### Work to be completed
Output the data below only from the line containing "12Pcs Drawer Cabinet" up to and including the line containing "65 in. Adjustable", exact and with the pictures left out.

### Input data
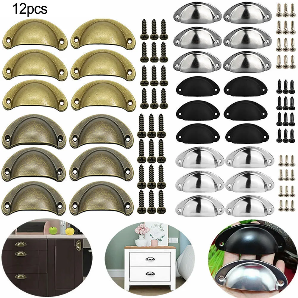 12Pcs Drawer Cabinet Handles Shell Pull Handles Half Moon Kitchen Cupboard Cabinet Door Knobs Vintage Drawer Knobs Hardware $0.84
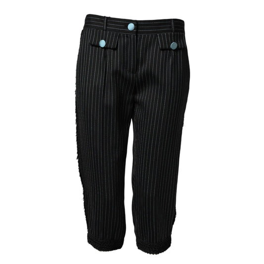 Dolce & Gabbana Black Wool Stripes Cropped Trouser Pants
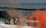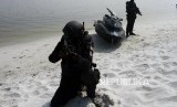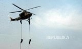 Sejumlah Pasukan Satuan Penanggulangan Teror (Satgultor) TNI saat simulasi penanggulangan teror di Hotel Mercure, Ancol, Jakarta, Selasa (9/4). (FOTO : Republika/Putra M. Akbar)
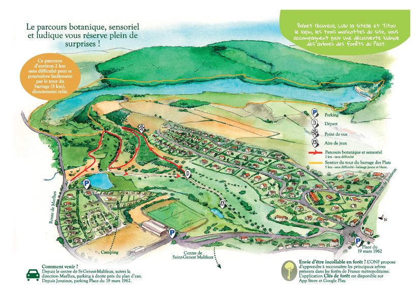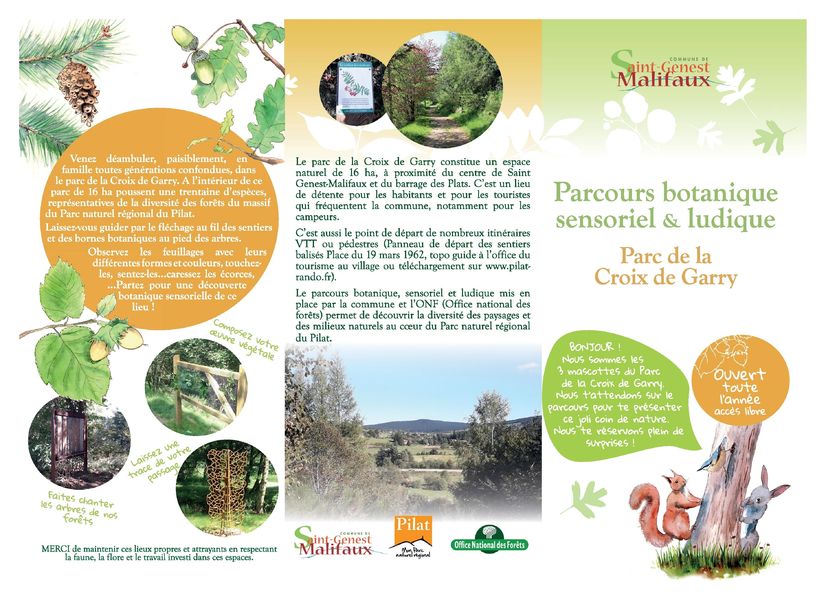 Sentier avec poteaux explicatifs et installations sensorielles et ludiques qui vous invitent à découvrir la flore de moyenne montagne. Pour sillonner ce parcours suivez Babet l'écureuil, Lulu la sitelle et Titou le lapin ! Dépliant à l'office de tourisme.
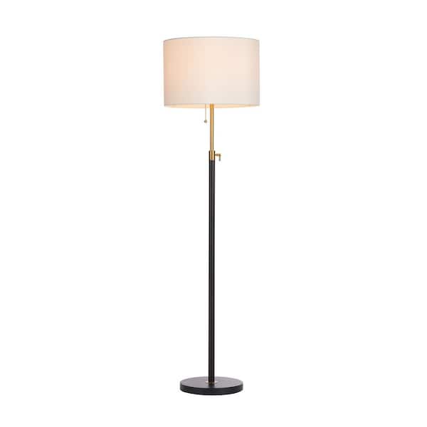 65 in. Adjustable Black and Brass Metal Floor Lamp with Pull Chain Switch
* * *
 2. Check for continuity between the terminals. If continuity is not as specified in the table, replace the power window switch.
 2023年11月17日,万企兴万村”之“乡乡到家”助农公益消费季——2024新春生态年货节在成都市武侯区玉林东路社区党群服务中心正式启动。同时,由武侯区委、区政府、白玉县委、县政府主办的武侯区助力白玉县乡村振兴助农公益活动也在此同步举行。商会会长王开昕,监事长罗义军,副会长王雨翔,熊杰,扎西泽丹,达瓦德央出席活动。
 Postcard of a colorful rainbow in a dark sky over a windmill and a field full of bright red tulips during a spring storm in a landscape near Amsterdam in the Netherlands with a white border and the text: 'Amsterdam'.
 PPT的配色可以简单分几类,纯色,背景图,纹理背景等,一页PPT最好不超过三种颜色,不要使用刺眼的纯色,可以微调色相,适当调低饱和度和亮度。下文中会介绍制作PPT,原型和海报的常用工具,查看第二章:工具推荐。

### Exercise answer
 12Pcs Drawer Cabinet Handles Shell Pull Handles Half Moon Kitchen Cupboard Cabinet Door Knobs Vintage Drawer Knobs Hardware $0.84
 Dolce & Gabbana Black Wool Stripes Cropped Trouser Pants
 Sejumlah Pasukan Satuan Penanggulangan Teror (Satgultor) TNI saat simulasi penanggulangan teror di Hotel Mercure, Ancol, Jakarta, Selasa (9/4). (FOTO : Republika/Putra M. Akbar)
 Sentier avec poteaux explicatifs et installations sensorielles et ludiques qui vous invitent à découvrir la flore de moyenne montagne. Pour sillonner ce parcours suivez Babet l'écureuil, Lulu la sitelle et Titou le lapin ! Dépliant à l'office de tourisme.
 65 in. Adjustable Black and Brass Metal Floor Lamp with Pull Chain Switch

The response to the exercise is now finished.